### Your goal
Please repeat, exactly and without pictures, the lines of the entries below that run from the one containing "From the sugar-scoop" through the one containing "Si el estilo".

### Stored dataset items
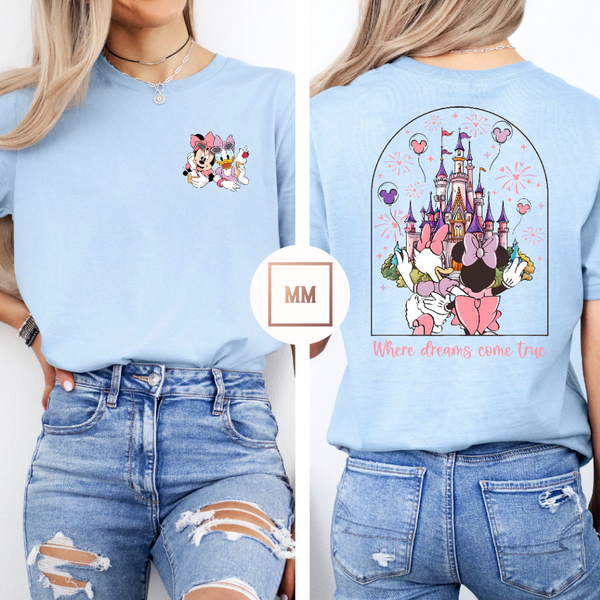 Experience the magic and wonder of childhood with the Baby Blue Where Dreams Come True Tee. Adorned with beloved mouse and duck characters, this shirt is perfect for any young girl's wardrobe. Let your little one's imagination run wild with this playful and whimsical design.
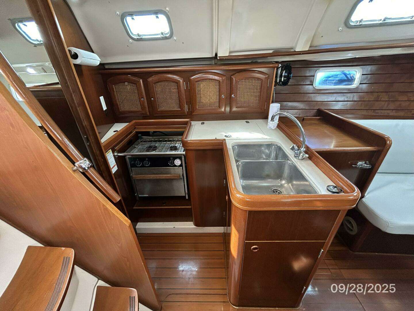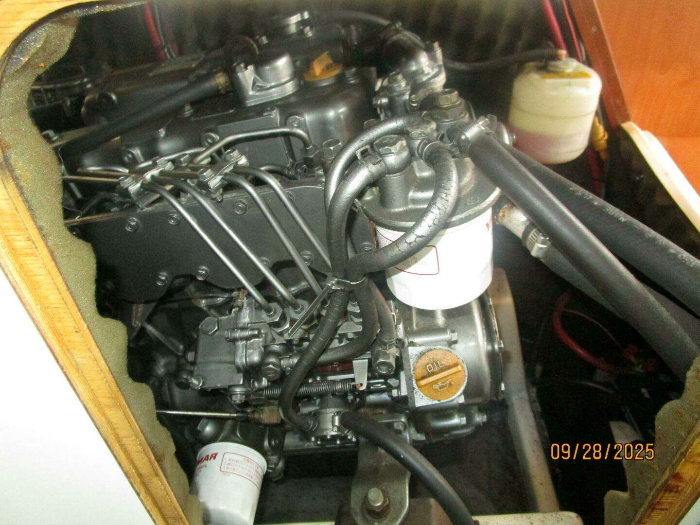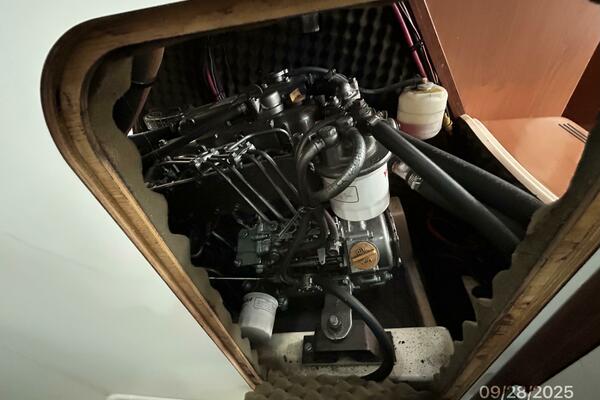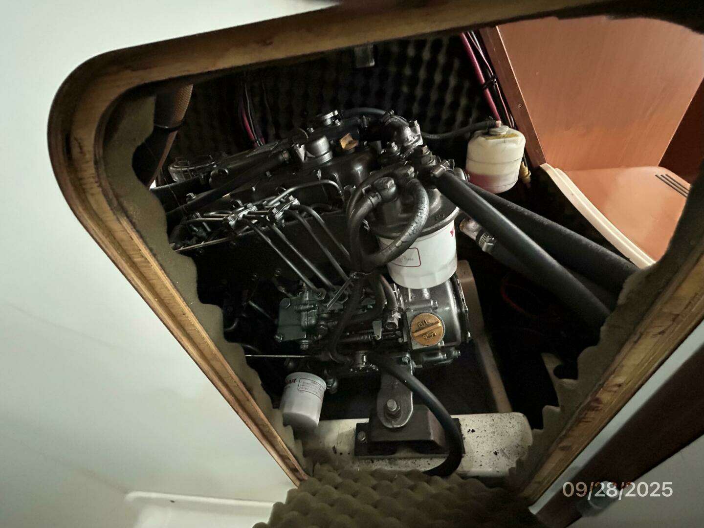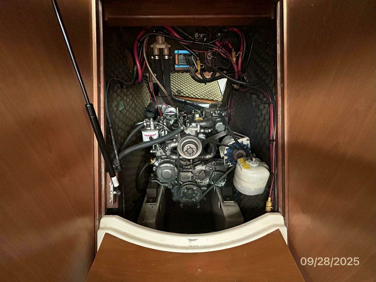 From the sugar-scoop transom, you enter the cockpit via the transom pass-thru and find seating on each side and aft, helm pedestal, bimini and a dodger that needs to be updated. Walk forward and step down the companionway into the salon to find a stateroom with a queen size berth port aft, galley to port, benchseat with storage port forward, head starboard aft, wrap-around settee with a removable double pedestal table starboard forward and a stateroom forward with a queen size berth.
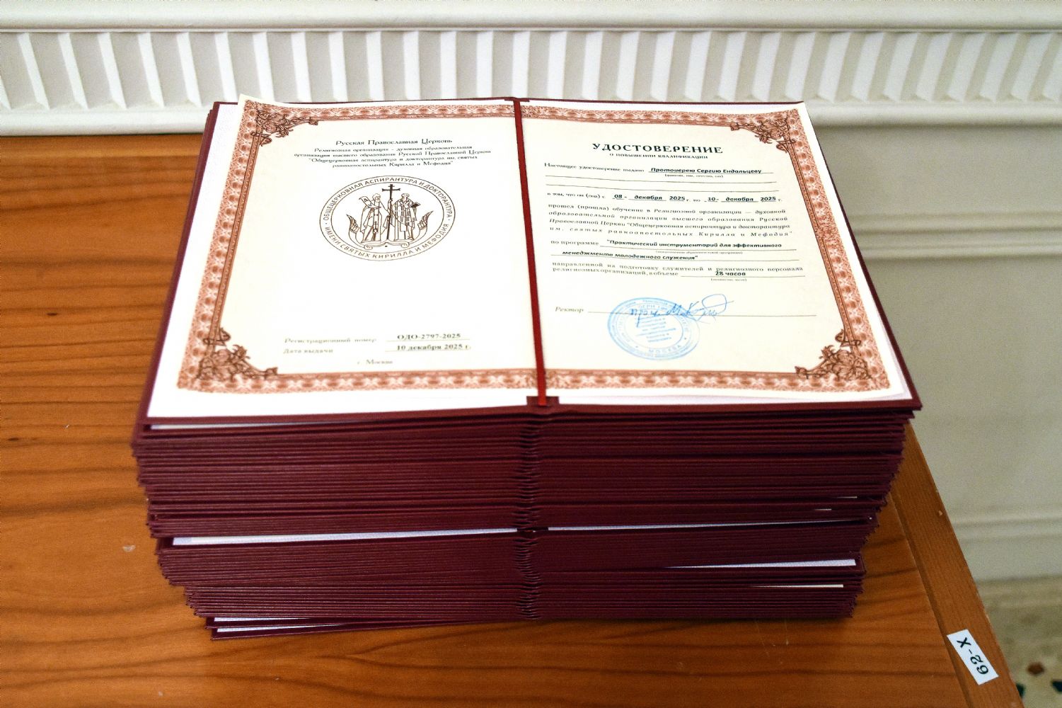 С 8 по 10 декабря 2025 года в актовом зале Общецерковной аспирантуры и докторантуры им. святых равноапостольных Кирилла и Мефодия состоялись курсы повышения квалификации для ответственных за молодёжную работу в епархиях Русской Православной Церкви.
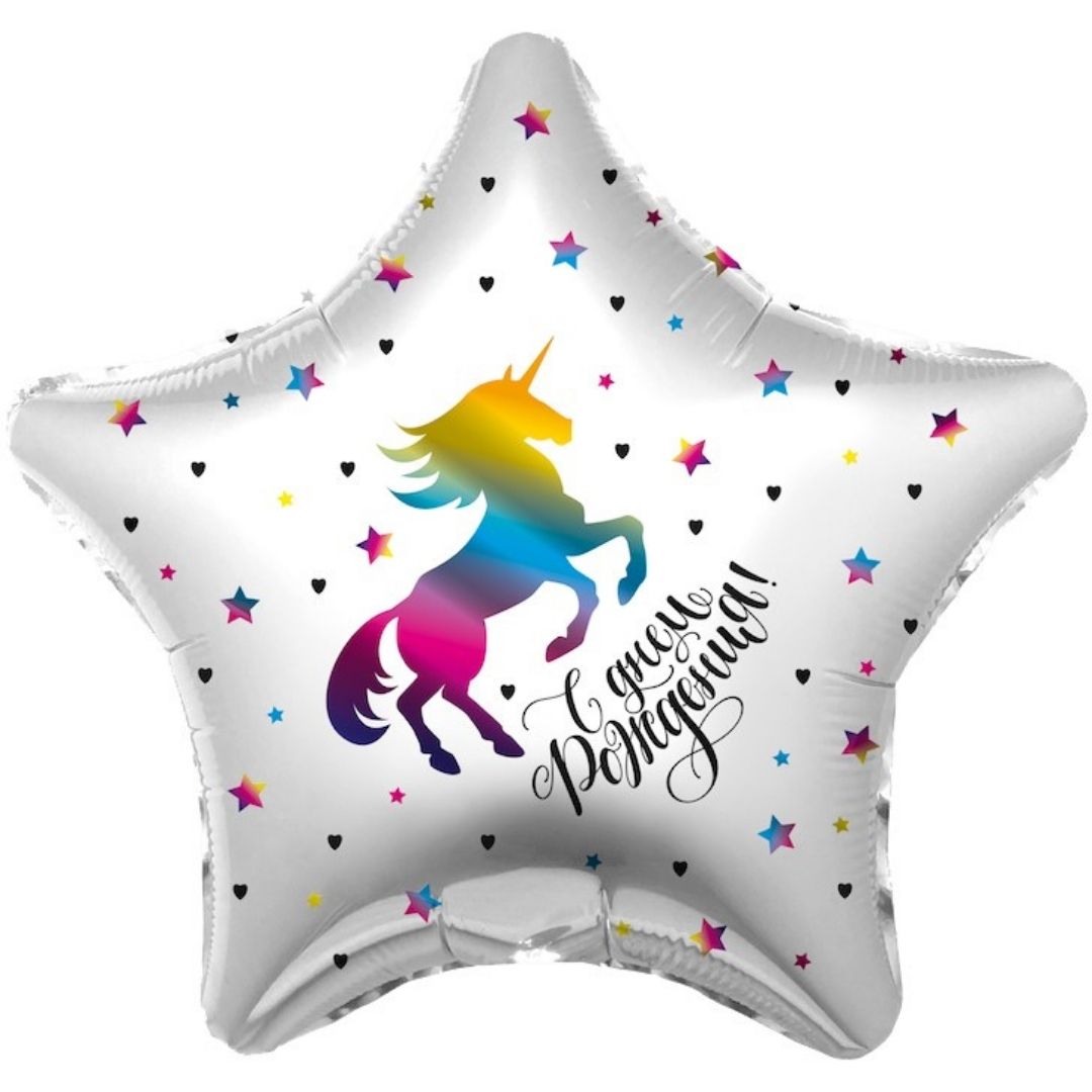 Шар (19''/48 см) Звезда, С Днем Рождения! Радужный единорог
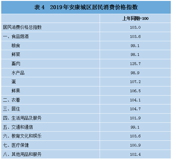 2019年,安康城区居民消费价格比上年上涨3%。商品零售价格比上年上涨1.9%。
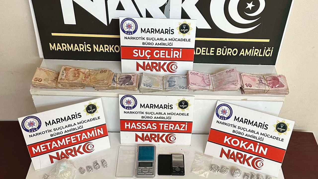 İl Emniyet Müdürlüğü Narkotik Suçlarla Mücadele Şube Müdürlüğü ekipleri, Marmaris’te uyuşturucu madde ticareti yaptığı öne sürülen 3 şüphelinin kaldığı otele operasyon düzenledi. Şüphelilerin otel odası ve otomobilinde yapılan aramada 13 gram metamfetamin, 14 gram kokain, 3,4 gram esrar, 72 sentetik ecza hapı, 2 hassas terazi, suçtan elde edildiği değerlendirilen para ele geçirildi. Gözaltına alınan 3 şüpheli, emniyette işlemlerinin ardından adliyeye sevk edildi. Hakim karşısına çıkan 3 şüpheli, tutuklandı. (DHA)
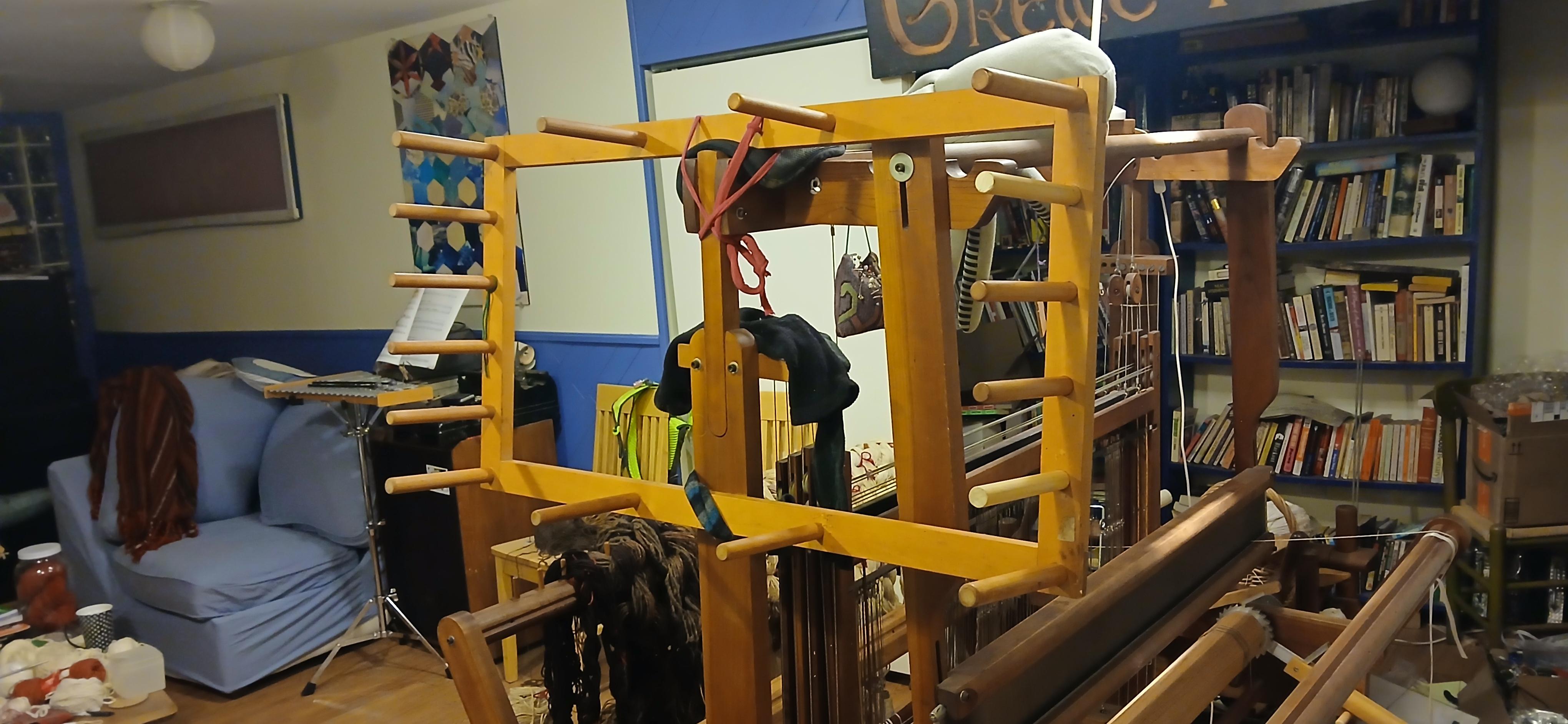 Cherrywood framework with sixteen pegs sticking out, on the side of a rug loom in a messy basement
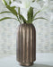 Si el estilo contemporáneo se adapta a tus gustos en cuanto a diseño, este jarrón te cautivará con su estética impecable. Un impresionante acabado de vidrio de mercurio y un diseño acanalado lo convierten en un deleite visual. Esta exquisita pieza se destaca sin esfuerzo por sí sola, o puedes acentuar su belleza llenándola con tus flores favoritas.
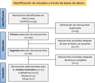 Luego se realizó una lectura completa de los documentos (28) y se encontraron falsos positivos (11), es decir, manuscritos recuperados pero que no son pertinentes para el estudio en particular (Codina, 2018). Finalmente, tras completar todos los criterios establecidos se obtuvieron 17 manuscritos para realizar la revisión sistemática.
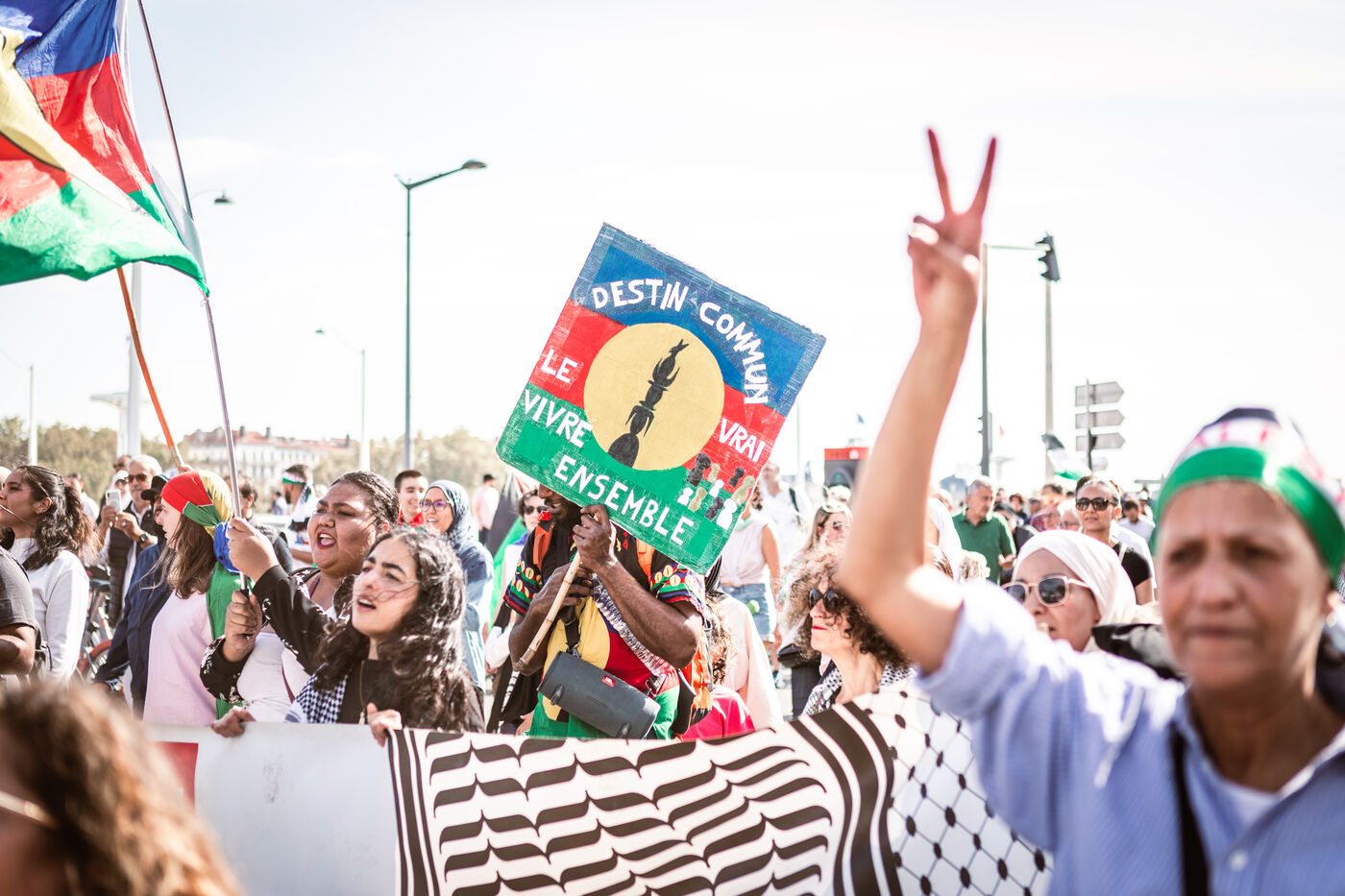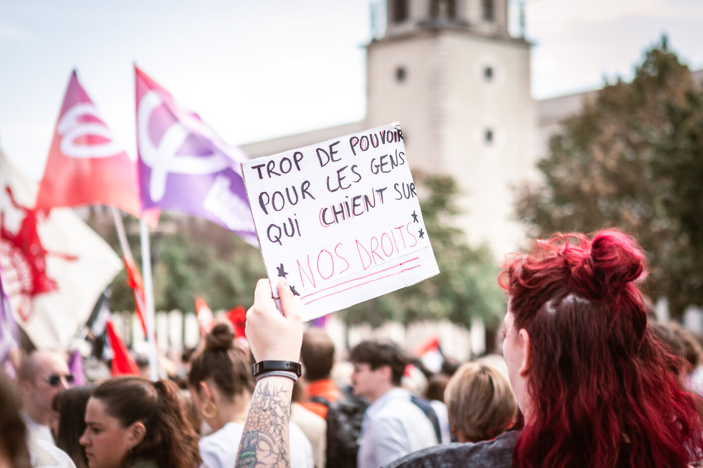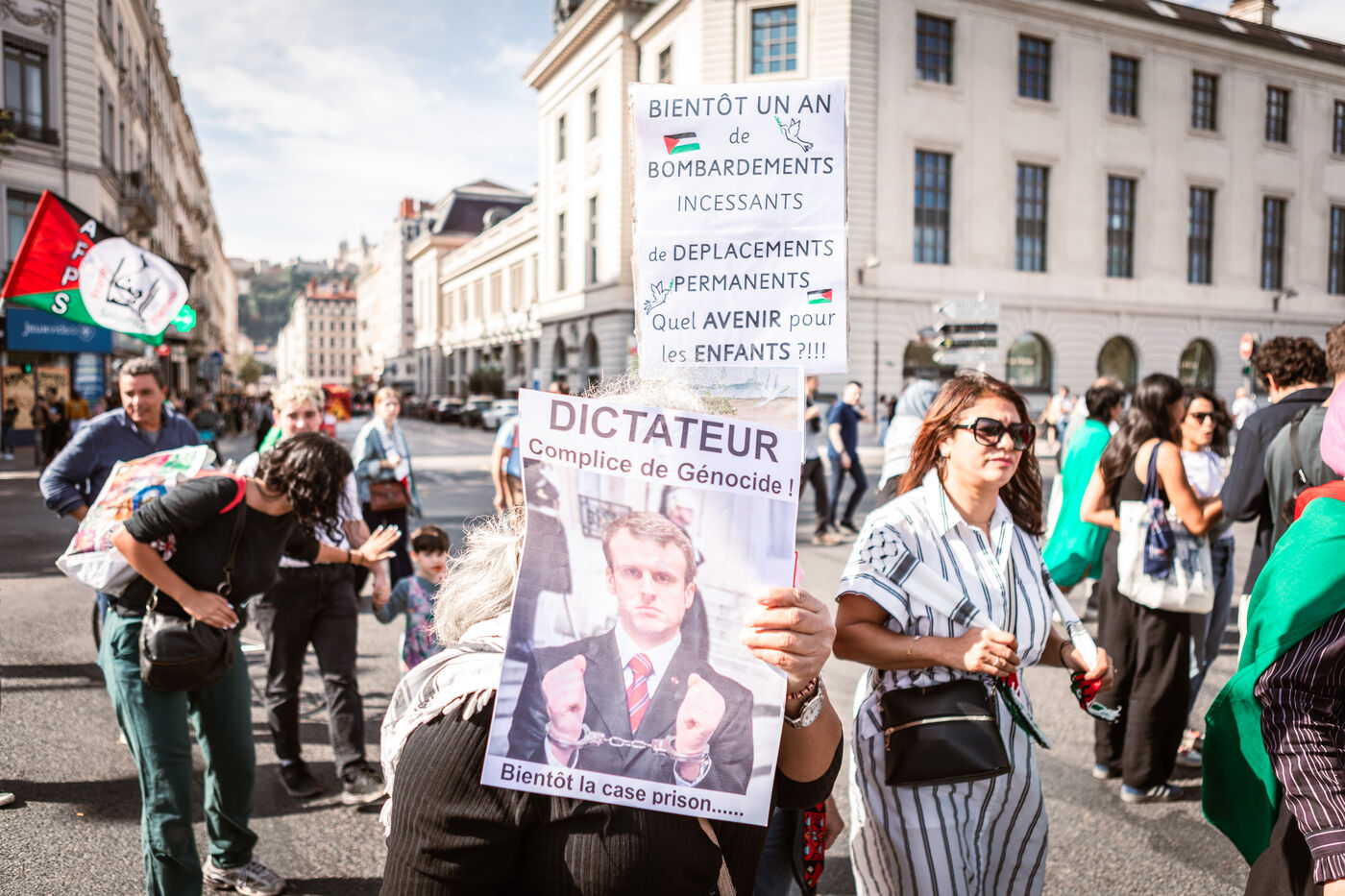 Suite à un appel de l’intersyndicale à une mobilisation nationale contre le gouvernement Macron-Barnier, une manifestation s’est tenue samedi 21 septembre 2024 à Lyon en France.
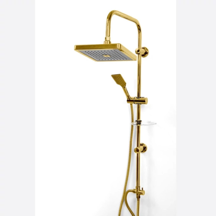علم دوش دوکاره تمام استیل با سردوش رسوبگیر ضد رسوب طلایی
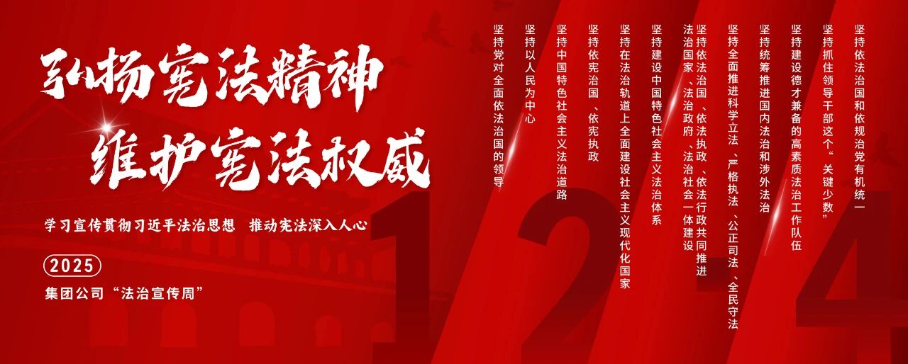 今年12月4日是第十二个国家宪法日。中国金年会集团有限公司深入贯彻落实中央宣传部、司法部、全国普法办《2025年全国“宪法宣传周”工作方案》部署要求,以“学习宣传贯彻习近平法治思想,推动宪法深入人心”为主题,精心组织开展2025年法治宣传周系列活动。活动将学习贯彻习近平法治思想、习近平文化思想及宪法精神,与法治央企建设要求以及集团“悬规植矩 循序善治”特色法治文化深度融合,为加快建设世界一流金年会集团厚植法治土壤、注入强劲法治动能。

### Answer space
 From the sugar-scoop transom, you enter the cockpit via the transom pass-thru and find seating on each side and aft, helm pedestal, bimini and a dodger that needs to be updated. Walk forward and step down the companionway into the salon to find a stateroom with a queen size berth port aft, galley to port, benchseat with storage port forward, head starboard aft, wrap-around settee with a removable double pedestal table starboard forward and a stateroom forward with a queen size berth.
 С 8 по 10 декабря 2025 года в актовом зале Общецерковной аспирантуры и докторантуры им. святых равноапостольных Кирилла и Мефодия состоялись курсы повышения квалификации для ответственных за молодёжную работу в епархиях Русской Православной Церкви.
 Шар (19''/48 см) Звезда, С Днем Рождения! Радужный единорог
 2019年,安康城区居民消费价格比上年上涨3%。商品零售价格比上年上涨1.9%。
 İl Emniyet Müdürlüğü Narkotik Suçlarla Mücadele Şube Müdürlüğü ekipleri, Marmaris’te uyuşturucu madde ticareti yaptığı öne sürülen 3 şüphelinin kaldığı otele operasyon düzenledi. Şüphelilerin otel odası ve otomobilinde yapılan aramada 13 gram metamfetamin, 14 gram kokain, 3,4 gram esrar, 72 sentetik ecza hapı, 2 hassas terazi, suçtan elde edildiği değerlendirilen para ele geçirildi. Gözaltına alınan 3 şüpheli, emniyette işlemlerinin ardından adliyeye sevk edildi. Hakim karşısına çıkan 3 şüpheli, tutuklandı. (DHA)
 Cherrywood framework with sixteen pegs sticking out, on the side of a rug loom in a messy basement
 Si el estilo contemporáneo se adapta a tus gustos en cuanto a diseño, este jarrón te cautivará con su estética impecable. Un impresionante acabado de vidrio de mercurio y un diseño acanalado lo convierten en un deleite visual. Esta exquisita pieza se destaca sin esfuerzo por sí sola, o puedes acentuar su belleza llenándola con tus flores favoritas.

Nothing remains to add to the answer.